Does anyone have experience working with Fiverr session musicians? 

These days there are a huge number of musicians, ready to record a piece:

https://www.fiverr.com/categories/m...ans?source=category_tree&page=1&filter=rating

I think it would be fun to hire them.


----------



## mark.warman (Mar 25, 2017)

Out of curiosity, I clicked on a random Bassist with a headline $5 fee. Once I had added all the "extras" I would normally expect when hiring a professional session player, the fee had leapt to $78.75 (before tax) for a bassline to a single song. Suddenly not so cheap!


----------



## Flaneurette (Mar 25, 2017)

I noticed that too... some are _cheaper_ than others.  Yet, even $78 is relatively cheap compared to most studio musicians. I wonder about the audio quality and where it is being recorded... if an acoustic instrument is recorded in a bedroom, then it's a no-no for me.


----------



## Smikes77 (Mar 25, 2017)

mark.warman said:


> Out of curiosity, I clicked on a random Bassist with a headline $5 fee. Once I had added all the "extras" I would normally expect when hiring a professional session player, the fee had leapt to $78.75 (before tax) for a bassline to a single song. Suddenly not so cheap!

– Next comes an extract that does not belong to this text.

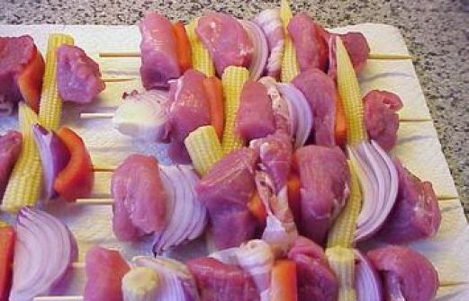 Zutaten für Personen Rezept mit Bild: Schaschlikspieße mit Rosmarin-Kartoffeln Bild einstellen 750 gr TK-Rosmarin-Kartoffel-Spalte n z.B. Bofrost 1 Glas Maiskölbchen 2 rote Zwiebeln 2 rote Paprikaschoten 50 [...]

I would say that's still ok (depending on the quality).

What were the extras?

But I did ask a graphic artist to design a really simple logo for me to which he replied "no, I can`t do it"


----------



## Flaneurette (Mar 25, 2017)

This looks/sounds pretty interesting:

https://www.fiverr.com/nadavfreehand/record-oriental-strings-on-your-song


----------



## ghobii (Mar 25, 2017)

Here's a podcast of a guy who took one of his existing songs and re-recorded the whole thing using only Fiverr musicians. He details the whole process, and it's pretty interesting. https://beta.prx.org/stories/159910


----------



## dariusofwest (Mar 25, 2017)

I've hired a drummer from there once, great experience.


----------



## mwarsell (Mar 26, 2017)

I can play the Emotional Cello for a few quid.


----------



## thesteelydane (Mar 26, 2017)

I currently charge 80 USD pr part for a normal song, and I think that's actually too cheap considering you don't have to pay studio rental or audio engineer fees, and get a finished edited file ready to drop into your session. I don't know how anyone who charges less can make a living wage from it, but maybe they don't.


----------



## Flaneurette (Mar 31, 2017)

ghobii said:


> Here's a podcast of a guy who took one of his existing songs and re-recorded the whole thing using only Fiverr musicians. He details the whole process, and it's pretty interesting. https://beta.prx.org/stories/159910



Very interesting! The final song sounds like a relatively good indie recording.


----------



## BlueGreenBoy (Mar 31, 2017)

I've used musicians from soundbetter.com with great success.


----------